Has it really been SIX years since Revell released their much-lauded 1:32 Ju 88A-1? I really don't know where time goes. What perhaps isn't too forgivable, giving that time span, is the length of time it's taken Revell to finally launch the A-4 boxing of this kit. The A-1 parts break down did pretty much indicate that we would indeed see other variants of this iconic aircraft, but why so long to deliver? Never mind, for me, I'm just pleased to say that we finally have this kit here on our desk for inspection. Revell, you are forgiven.

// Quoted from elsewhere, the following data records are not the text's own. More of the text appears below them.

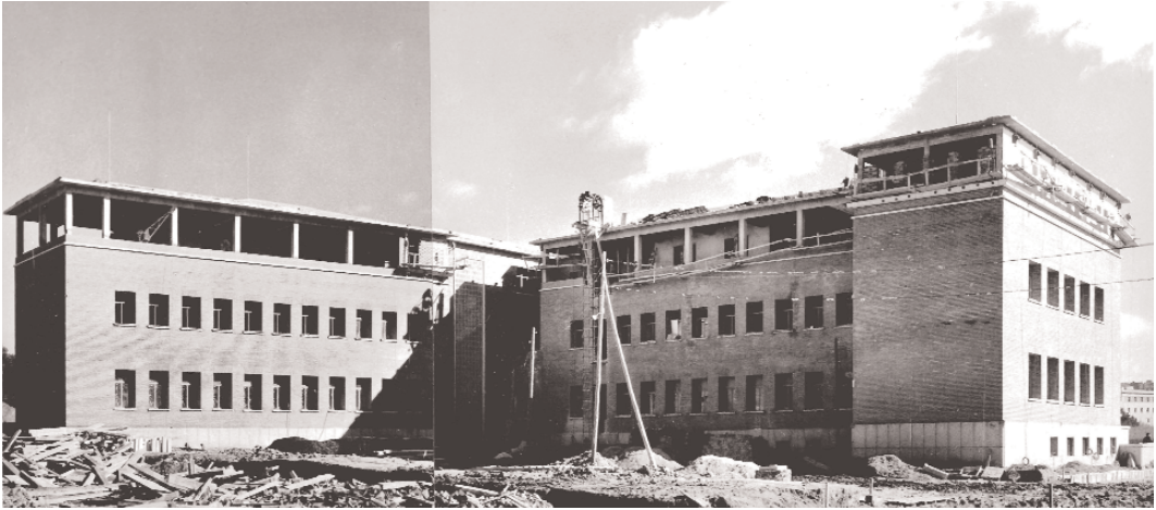
Figura 4. Esta composición de fotografías muestra las obras de construcción del edificio en su zona trasera donde ahora están los barracones para los cursos de formación.
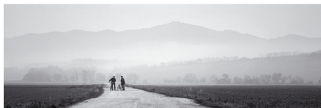
Belas Karol Leto Prelet Rozhovor Rozdelená krajina Piešťany, Trnavský kraj
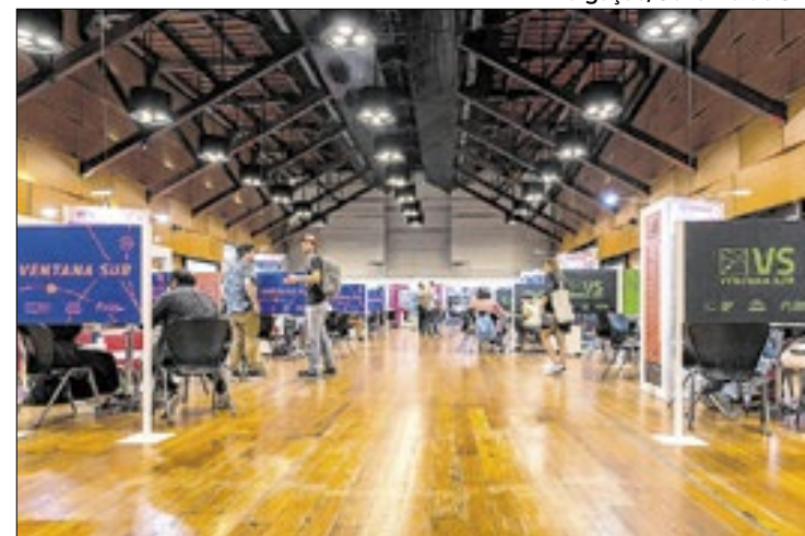
Empresas representarão SP em eventos pelo mundo

Marché du Film, o mesmo que é responsável pela área de negócios do tradicional Festival de Cinema de Cannes, na França, do qual o CreativeSP também participa.
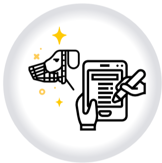
Registro EJEMPLARES CANINOS DE MANEJO ESPECIAL
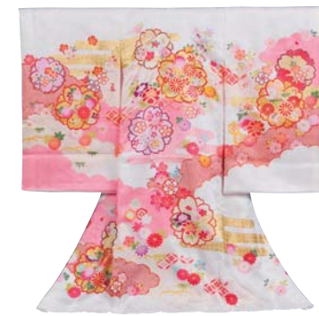
女祝着 散らし桜に雲取り 税込 66,000円 (税抜 60,000円) 申込番号 059-00169-00 日本製 ●材質 / 表:絹100%、裏:ポリエステル100% ●カラー / 白(6740-1)059-01169-00
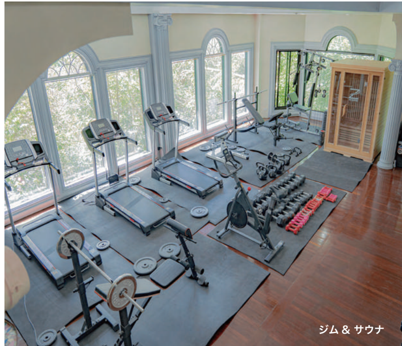
ジム & サウナ
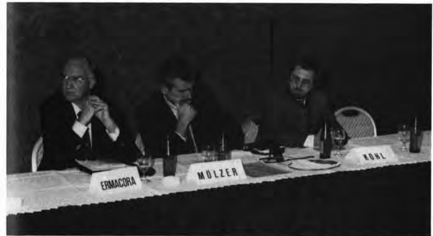
„Freiheitliche Eliten“ bei der Festakademie des FBW, Hotel Penta, Salzburg, 25. Oktober 1992.

Der Aufstieg der freiheitlichen Partei unter Bundesparteiobermann Jörg Haider stellt für Österreich die tiefgreifendste politische Wandlung seit Ende des II. Weltkrieges dar. Wesentliche, bis dahin unantastbare Dogmen der II. Republik gerieten ins Wanken. In außenpolitischer Hinsicht wurden Zweifel an der sogenannten immerwährenden Neutralität nun erstmals offen diskutiert und in der Innenpolitik wurde der „Kammer- und Verbändestaat“ unter sozialpartnerschaftlicher Führung kritisiert.
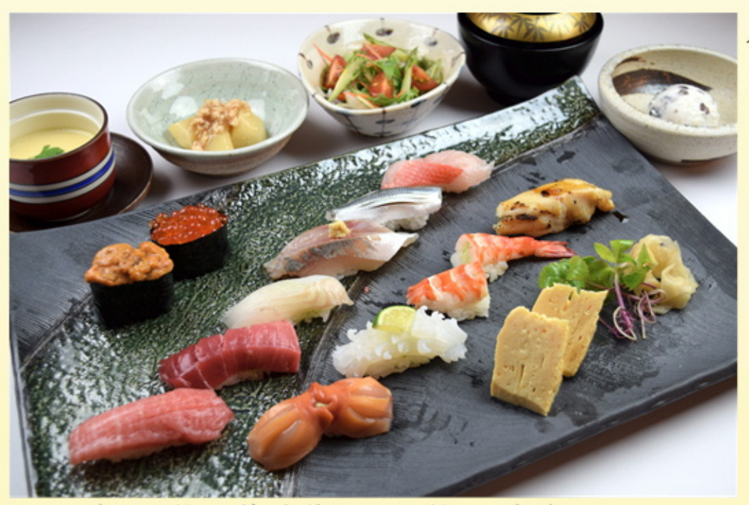
サラダ・お椀・デザート Salad,miso soup,dessert
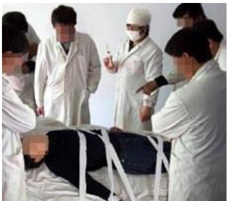
▲ 酷刑演示：打毒针（注射不明药物）

If you've seen the previous A-1 boxing of this kit, you won't be surprised to know that the A-4 occupies the same size packaging, this time adorned with superb artwork. Inside that slightly flimsy top-opening box, THIRTEEN sprues of light grayish-blue styrene, and TWO sprues of clear plastic are supplied. With the exception of the clear sprues which are packaged individually, the remaining sprues are packed in a combination of separate packets, with a number of them doubled up – notably those for which sprue multiples are supplied.


This kit isn't simply a reworked A-1 with a handful of different parts. Yes, there are a good number of parts which are indeed common to the previous release, but not all. Some sprues have been replaced with newly-tooled ones which are specific to the A-4, whilst we also have new parts which weren't included in the first release, namely a set of external bombs and ETC racks. This is the summary of changes/inclusions in this the Ju 88A-4 kit.

  • SEVEN sprues common to Ju 88A-1 kit, including new radio set part on sprue C, omitted in A-1 kit
  • FIVE newly tooled sprues, specific to this release
  • TWO sprues deleted from A-1 variant.

So, in total, more plastic included in this release. Let's take a fresh, new look at this release in more detail. You'll notice a break in the sprue lettering sequence due to deleted sprues and newly included ones.









Being the first, common sprue to the previous A-1, you'll not be surprised to see this one carries key airframe components for this build, namely the fuselage halves and wing upper and lower panels. The beautifully detailed exterior surfaces to both wings and fuselage contain some very refined panel lining and port access detail. As is common with Revell design, there are no rivets to be found anywhere. A few fasteners here and there, yes, but apart from that, the surfaces are a blank canvas for those who perhaps want to add these themselves. I'd much rather add rivets than want to remove excessive divots seen on some kits.










All moulding is exceptional, with no defects, next to no flash anywhere, and no trouble with ejector pin marks in the cockpit area due to the interior walls being separate parts. The spine and lower forward fuselage are provided, as before, as separate parts. Slots in the wing roots exist for the interior formers with their integral wing spars to pass through.





Here we find more parts which are common to the previous release, namely the two internal formers with their integral wing spars, rear engine nacelle sections, where there bisect the wing leading edge, and also the large rear nacelle underside section, with the gear doors moulded in situ in a closed position. For the tail area, we have two more spars which insert within the rear fuselage, and give a positive locating point for the large horizontal tail surfaces. There are also the two tail root fairings included here.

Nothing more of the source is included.